Isto explica a vitória de Massa nas eleições deste domingo. Nas semanas pré-eleitorais e especialmente no dia da eleição, a máquina peronista começa a funcionar somando votos mediante sua mobilização. A oposição precisa estar muito bem organizada para vencer a estrutura robusta do peronismo ou precisa estar com vantagem confortável para não ser surpreendida.

Javier Milei tem a seu favor o ímpeto de reação, afinal comanda uma campanha baseada no antagonismo e de cunho emocional que se baseia na estratégia de ruptura com as práticas peronistas. Seus 30%, somados ao eleitorado de Patrícia Bullrich, podem lhe entregar a vitória. Conta a seu favor que este eleitorado é frontalmente contrário aos governistas, logo, se Milei se movimentar com habilidade, tem a vitória diante de si.

Em termos de governo, Milei, que elegeu 38 deputados e oito senadores, precisaria dos votos e apoios da coalizão de Bullrich, que elegeu 94, atingindo uma soma que fornece maioria no parlamento para governar. No Senado, juntos não chegam a ter maioria, mas podem chegar perto das 37 cadeiras necessárias. Como vemos, uma aliança que faz sentido não apenas em sentido eleitoral, mas também em termos de governabilidade.

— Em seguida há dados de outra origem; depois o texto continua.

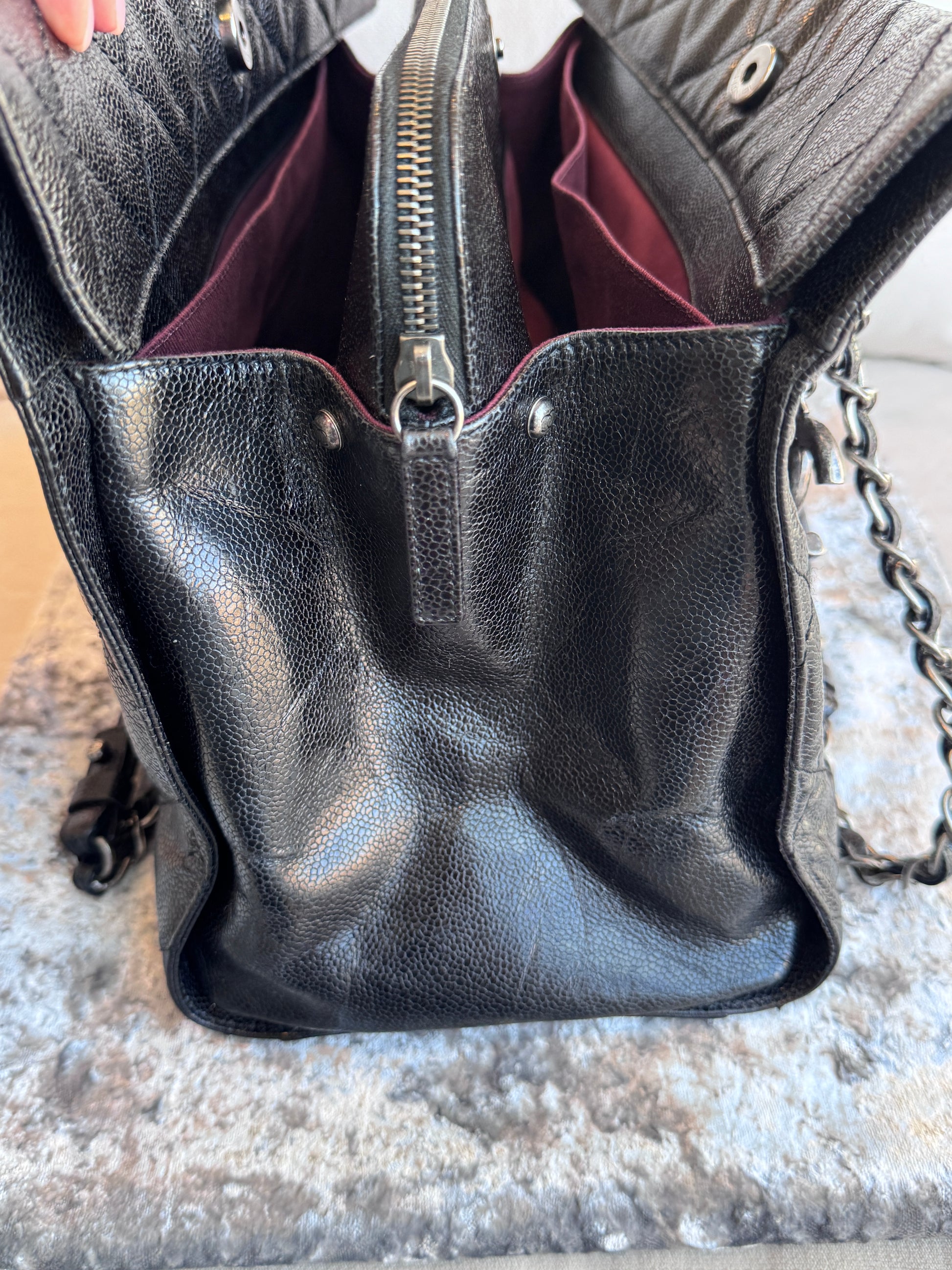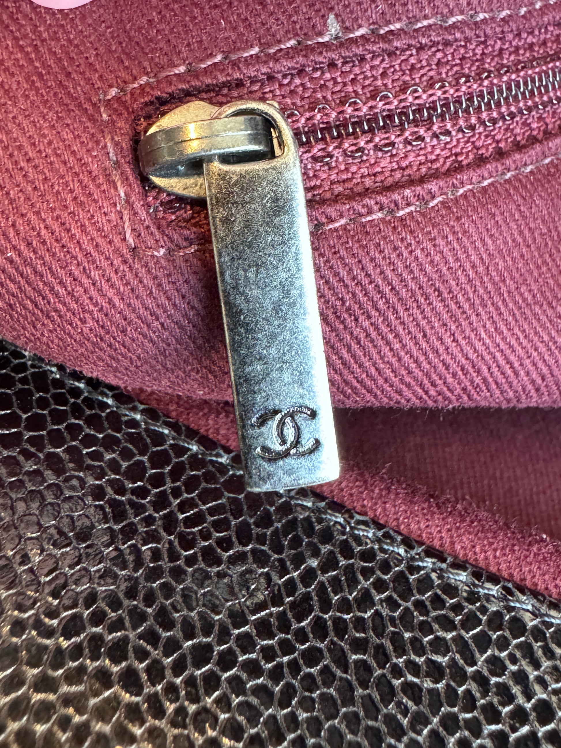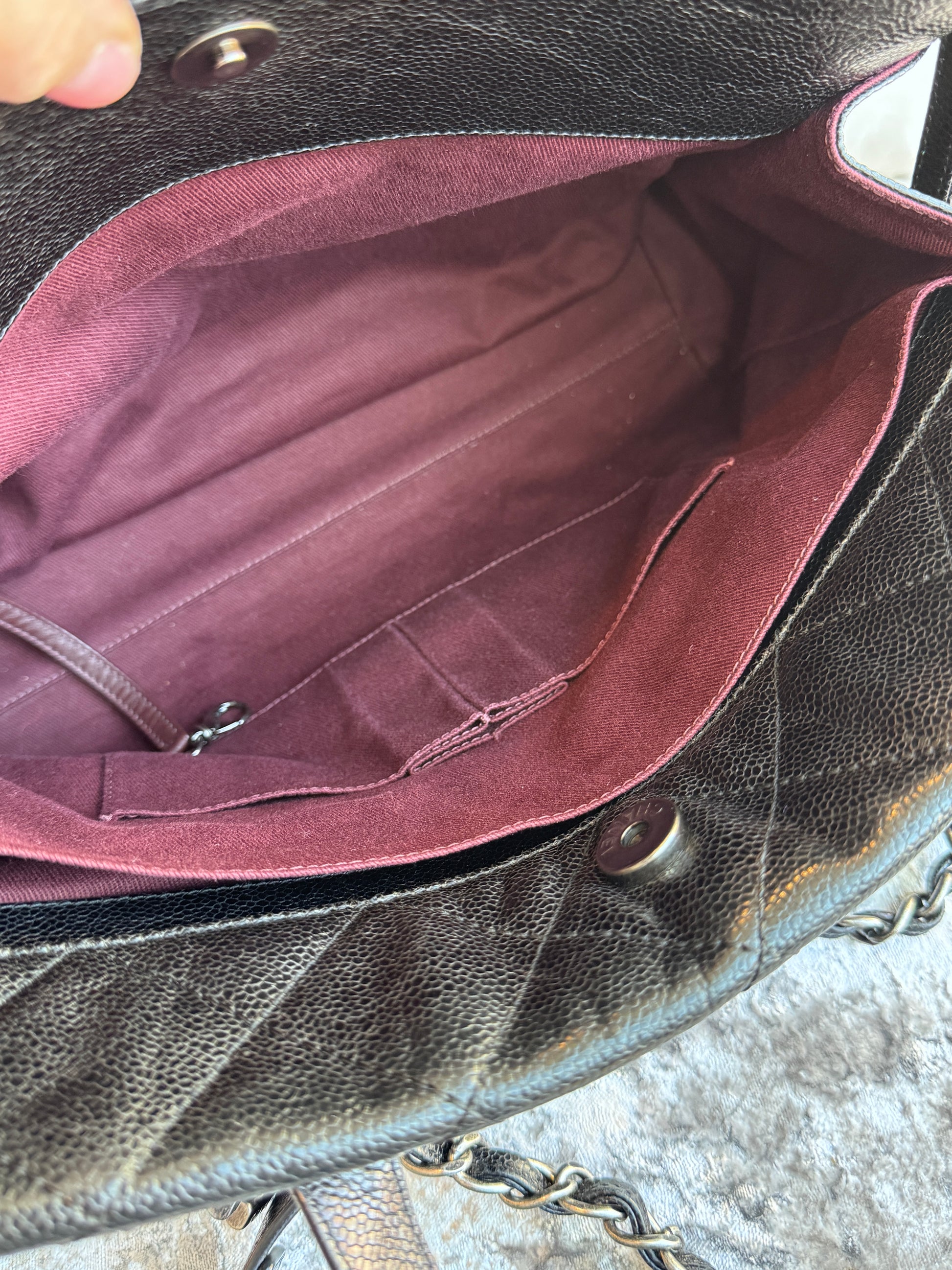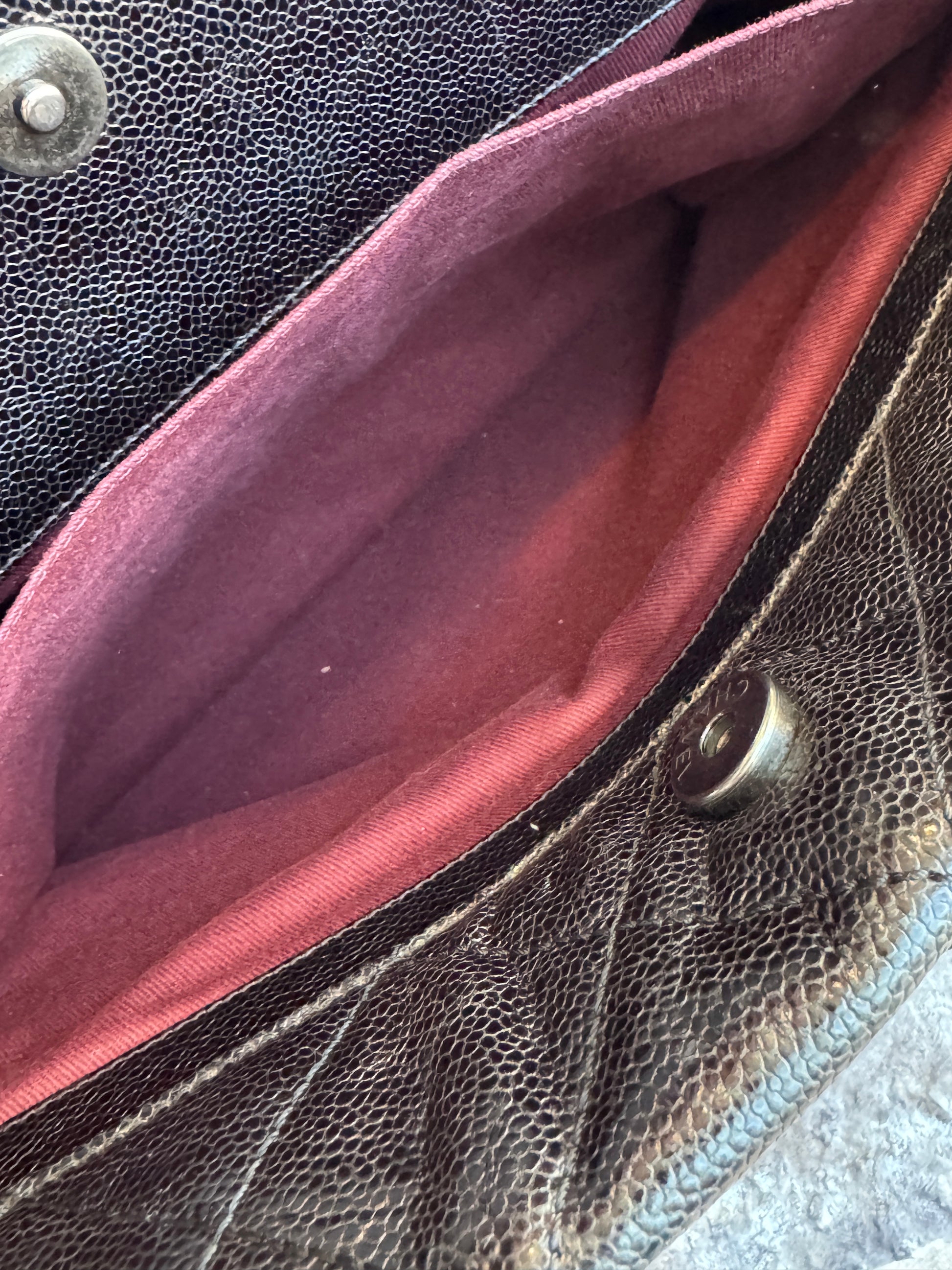 Exterior Leather: Excellent overall condition. Glazed caviar leather remains supple with vibrant color and structure. Light natural creasing consistent with normal gentle use. No major flaws or heavy wear observed.

Sergio Massa certamente carregará consigo os votos dos outros dois candidatos de esquerda, Juan Schiaretti e Myriam Bregman, que somados chegam perto de 10%. Porém, para vencer, Massa precisará ir além destes apoios. O peronismo precisará operar sua mágica e impulsionar sua musculatura para virar o jogo. Será a partida da ação peronista contra a reação ao sistema político impulsionado por Milei. Será uma eleição disputada e o vencedor, seja quem for, assume (além da crise) um país dividido.